Chopsticks & The Mouse

Under the right circumstances, usually involving very effective marketing, a genuinely poor technology can reign supreme, vanquishing superior technologies or preventing them from developing.

The fact that over a billion people eat their food with chopsticks proves this principle beyond any argument. In China the Johnny-come-lately technology of knife and fork just never stood a chance. And once a technology gets as dominant as chopsticks, nobody even questions whether it’s a good idea.

Chinese cuisine is what it is, because of those goofy chopsticks. It offers a wide variety of dishes, usually eaten with rice or noodles, with the meat or vegetables in every dish cut up into small chopstick-manageable pieces. Each dish will likely have a sauce which handily sticks grains of rice together, so that they too are chopstick-manageable. And, imho, Chinese cuisine is amongst the tastiest cuisines in the world.

You see, the dominance of a lousy technology may appear to have positive consequences. Chinese cuisine would not be what it is, were it not for chopsticks. It would be something else.

Despite this positive outcome, we cannot logically conclude: “therefore chopsticks are a good thing”. They are not, they’re ridiculous.

What has this got to do with Productivity?

Just one point, things are not what they seem. What looks like a clever idea can have many drawbacks.  I’m not about to have a long rant against the mouse, but it is worth noting that nobody ever gets taught to use a mouse. Let me explain:

There are three modes of working with a desktop computer:

  1. Two hands at the keyboard – highly productive for most applications.
  2. One hand on the keyboard and one on the mouse – less productive for most applications but most productive for graphical applications. (Note that if you’re left handed this is a different and probably more inconvenient experience – keyboards are build for the right-handed.)
  3. One hand on the mouse – usually least productive.

When should you be using which approach? The answer to this depends on the context, but to some extent also on the mouse you have.

The original Apple mouse hand but one button. Steve Jobs kept to this for years and it was, no doubt about it, dumb. Steve Jobs is a genius in many ways, but he got snakes in his head when it came to the mouse.

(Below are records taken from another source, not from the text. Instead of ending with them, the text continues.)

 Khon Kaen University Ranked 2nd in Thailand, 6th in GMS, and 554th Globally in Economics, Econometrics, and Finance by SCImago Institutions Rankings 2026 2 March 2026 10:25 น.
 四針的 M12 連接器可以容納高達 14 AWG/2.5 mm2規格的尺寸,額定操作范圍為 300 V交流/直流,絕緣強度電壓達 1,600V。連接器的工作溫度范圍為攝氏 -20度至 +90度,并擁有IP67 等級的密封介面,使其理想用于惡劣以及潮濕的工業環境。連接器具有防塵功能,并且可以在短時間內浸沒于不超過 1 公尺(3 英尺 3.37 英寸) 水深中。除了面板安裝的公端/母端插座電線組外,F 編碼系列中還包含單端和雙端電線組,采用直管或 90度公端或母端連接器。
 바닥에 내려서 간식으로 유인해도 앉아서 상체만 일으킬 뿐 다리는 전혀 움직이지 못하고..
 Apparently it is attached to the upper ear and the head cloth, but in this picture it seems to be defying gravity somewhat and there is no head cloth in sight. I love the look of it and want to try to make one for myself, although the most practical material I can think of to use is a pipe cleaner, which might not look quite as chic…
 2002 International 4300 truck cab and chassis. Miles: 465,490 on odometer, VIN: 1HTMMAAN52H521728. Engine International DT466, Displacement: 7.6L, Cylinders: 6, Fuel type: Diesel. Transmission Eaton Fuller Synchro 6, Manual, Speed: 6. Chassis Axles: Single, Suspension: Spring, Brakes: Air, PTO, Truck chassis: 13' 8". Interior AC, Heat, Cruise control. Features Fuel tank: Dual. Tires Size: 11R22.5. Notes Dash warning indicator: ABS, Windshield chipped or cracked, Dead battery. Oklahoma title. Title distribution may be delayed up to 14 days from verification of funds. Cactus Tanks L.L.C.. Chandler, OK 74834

Here’s one of the main things that is wrong with the mouse:

It’s easier to explore a new piece of software using the mouse than it is using the keyboard.

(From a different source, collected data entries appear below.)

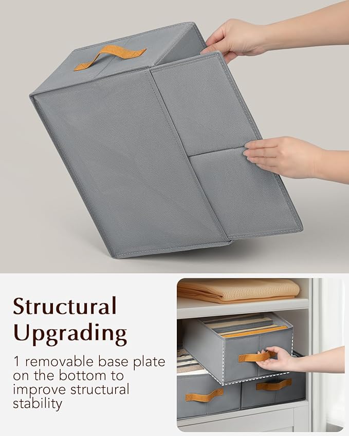 - High Quality Material: The closet organizer is made of thicker and thickened high quality non-woven material, supported by cardboard all around, the sidewalls and base provide extra stability, stronger than nylon denim drawer organizers for clothing, our clothes organizer ensures extended service life, can be easily cleaned and maintained, while allowing for secure stacking of multiple organizers, effectively optimizing your cabinet space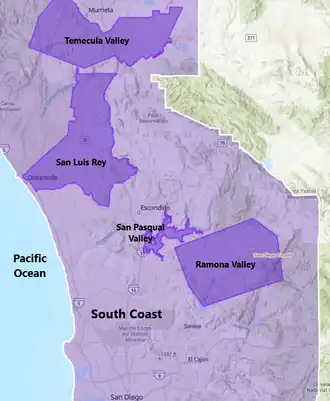 | Sub-regions | Ramona Valley AVA, San Luis Rey AVA, San Pasqual Valley AVA, Temecula Valley AVA |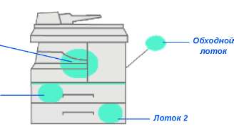 Схема состояния указывает выбранный лоток для бумаги, пустой лоток для бумаги и возникновение ошибки в лотке.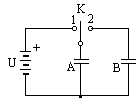 (3)在右图所示的电路中,直流电源的电压为U=18伏特,电容器A和B的电容分别为CA=20微法和CB=10微法.开始时,单刀双掷开关K是断开的,A和B都不带电.

We actually tend to do that in mode 3 (as described above.) We lean back and mouse around. The consequence is that the first way we learn to do most things in a new application is via the least productive mode of using the computer.

That wouldn’t be so bad if we got into the habit of learning the mode 1 way of using the application later on, but most of us don’t.

3 Responses

  1. Ok, stop me if you’ve heard this, however, didn’t he invent the mouse? Are we to understand that he came up with the least productive method for using our computer? What does this say about current technologies? Specifically ones that he’s invented?

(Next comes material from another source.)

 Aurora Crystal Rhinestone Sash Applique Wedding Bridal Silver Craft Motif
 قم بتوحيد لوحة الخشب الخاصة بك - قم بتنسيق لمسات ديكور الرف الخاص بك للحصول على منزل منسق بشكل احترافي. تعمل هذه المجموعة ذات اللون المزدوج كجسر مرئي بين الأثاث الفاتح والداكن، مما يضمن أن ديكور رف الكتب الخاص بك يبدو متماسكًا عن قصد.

  2. No Steve Jobs did not invent the mouse. It was invented at Xerox PARC before Apple was founded. As regards the productivity of the mouse, it is not unproductive per se, it is unproductive if used when the keyboard is much faster.
    In many graphical applications the keyboard is out of its depth and it is the mouse that delivers the productivity.
    As regards ‘what that says’, as far as the evolution of productivity on the computer is concerned, it often demands counter intuitive leaps to come up with improvements. Steve Jobs has been responsible for, or when not responsible, at least complicit in many Interface innovations. Some of them have been excellent contributions and some have not.
    The Mac offers the best User Interface primarily because Steve Jobs has been better at this than his competitors.

  3. Intellectually, I knew that. So, the new rule is to not post blog comments after having stayed up 23 hours straight….

    I agree with the rest of your reply.